The complaints are flying off people’s tongues, that they have
social events weekends in a row, that parking is nonexistent and roads are
clogged, that swarms of humans are inhabiting the shops, and that there is so-much-to-do.
In the same breath a person will curse Christmas busyness, and invite you to a break
up party.
It’s a confusing
time. I’m not against break up parties necessarily, I just feel the irony.
We are all miserable yet we all perpetuate the madness. Everything that is done at this time of year
is technically voluntary, although this doesn’t feel like the case when
tradition is at play. We moan under the strain of our rat race society, but how
it will it change when we go along with it year after year?
I have developed categories in my mind, so that I can
decipher where to spend my limited health. In the first categories are things like
showering, eating, house cleaning, joyful activity and close friendship. In the
later categories are things I rarely have the health for, like hospitality,
social events, baking, cleaning the car, making the bed.
Christmas hype is in my last category, Category 4. I am
actually happy for the ones who enjoy every event and shopping trip, but I don’t
know many of them. Mostly I hear from the ones who don’t enjoy it, but do it
all the same. I try to do some of it, and struggle with it, and end up feeling
like the Grinch.
I am not a true Grinch. I love going back to the story of
Jesus birth, feasting with my family, and the traditions, carols, trees, lights.

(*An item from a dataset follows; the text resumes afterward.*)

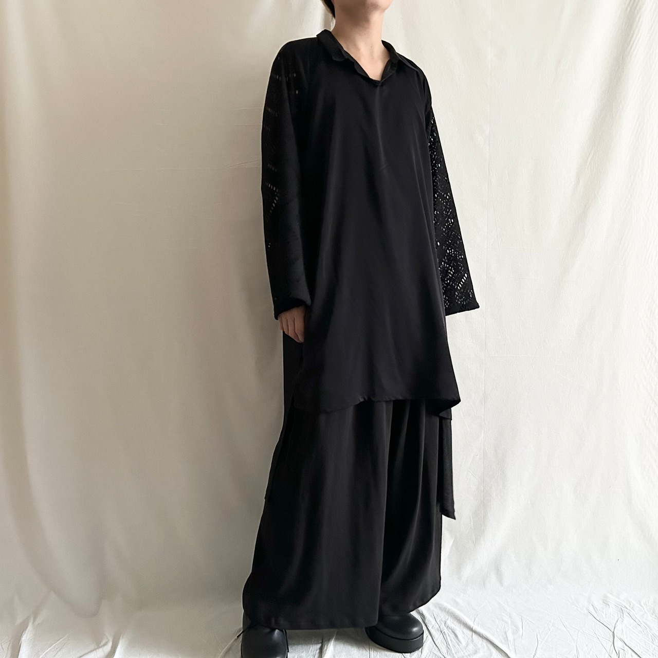 nalgeでは、「Drape」をキーワードに黒を基調としたゆるい服を製作しています。

I just don’t like drowning, and watching other people drown on this leaky boat
that we made.
If well people are flailing, then unwell people are drowning.
If we don’t usually have the strength for social events on top of our normal
week, then we are suffering when we attend, or feeling the pain that is not
fitting in when we decline. If we stay far from the mall’s florescent lights
and chemical intensity usually, then the sheer number of gifts to buy is
overwhelming. If we can’t stand for long in the heat without fainting, we
certainly can’t sing carols.
Life is a challenge usually + expectations increase = human
being in need of a desert island. This is me.
Like most things in life, it’s not as simple as saying ‘no’
to every event, ditching the Christmas shopping and not taking the car. It’s a
balance of trying to nurture my weary body but keep in step with the people I
live with. In Alexander Technique, there is an insightful concept called ‘End
Gaining.’ The idea is that we aim for an end result, and we will do it at any
cost. We do damage on our way there. I think that is our society in a nutshell.
And in the aptly named Silly Season, we fulfil every tradition and end of year
party requirement, and we straggle towards the first day of the New Year,
utterly spent and probably no happier than if we’d lived gently, on a smaller
scale.
Happy Christmas.
No, I really mean it. :-) And I’m trying to navigate it such
that mine is happy too.
I hope you did manage this time with joy and some energy. Thank you for expressing exactly how it feels for me too!